The Billet Box users had two options until today: Diver or a cartomizer. But what if you belong to those who avoid rebuildable atomisers, bored using the cartomizer and simultaneously envy the rich result of clearomizer?

*BilletBridge Sport is an adapter which allows you to use in the BilletBox the well known replacement heads Kanger Subtank, turning it into... a clearomizer.* 

The Subtank heads are available almost everywhere like in our store. You can put big diameter heads only to boro tanks but small diameter heads fit to both tank versions.

It is made from stainless steel AISI 304L hard gold plated and it is easy to use.


----------



## Rob Fisher (6/7/17)

OK I bought one awhile back but have never tried it so today is the day!

Really simple to install obviously!


----------



## Rob Fisher (6/7/17)

Oh WOW... just zero flavour at all! Nothing... zippo... bugger all... will dig around and see if I can find another coil because this one is just useless. So far this is an epic fail!

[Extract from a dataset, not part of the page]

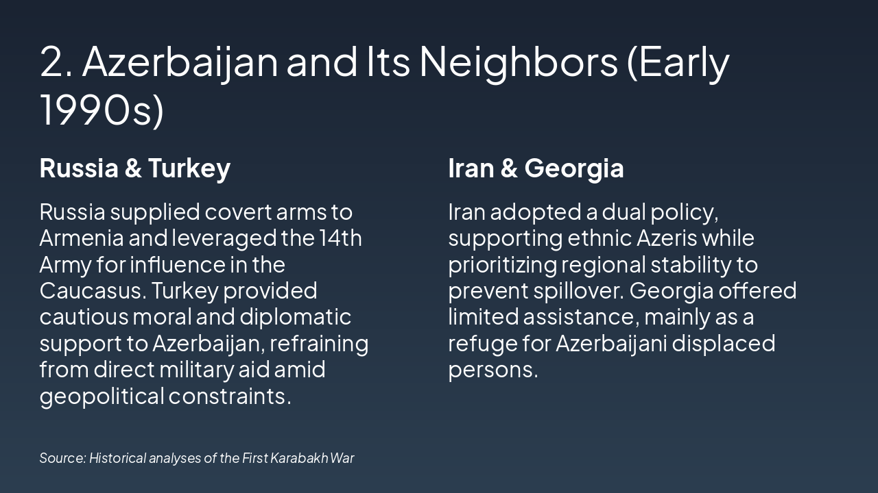 Russia’s covert role, Turkey’s support, Iran’s dual approach, Georgia’s limited involvement.

Reactions: Informative 2 | Useful 1


----------



## Ash (6/7/17)

I think its best when you stick with the exocet. Maybe, just maybe the flow would be up to standard.

Reactions: Agree 1


----------



## Rob Fisher (6/7/17)

OK that was a complete fail because the Kanger Ceramic coils don't fit and I don't have any normal ones... but on the positive side the airflow is good!


----------



## Genosmate (6/7/17)

Rob Fisher said:


> Oh WOW... just zero flavour at all! Nothing... zippo... bugger all... will dig around and see if I can find another coil because this one is just useless. So far this is an epic fail!



You need to stick a ceramic coil in there

Reactions: Funny 1


----------



## Christos (6/7/17)

I'm running the Nicr coils in one BB. I don't have the sport but the normal atmostique bridge. 

Works well for dessert flavours.

Reactions: Thanks 1


----------



## Amir (7/7/17)

Rob Fisher said:


> Oh WOW... just zero flavour at all! Nothing... zippo... bugger all... will dig around and see if I can find another coil because this one is just useless. So far this is an epic fail!



Lol i already tried this and reported findings in another thread. The SSOCC kanger clapton with the black ring at the bottom gives the best flavor but only really comes alive at 60W

Reactions: Thanks 1


----------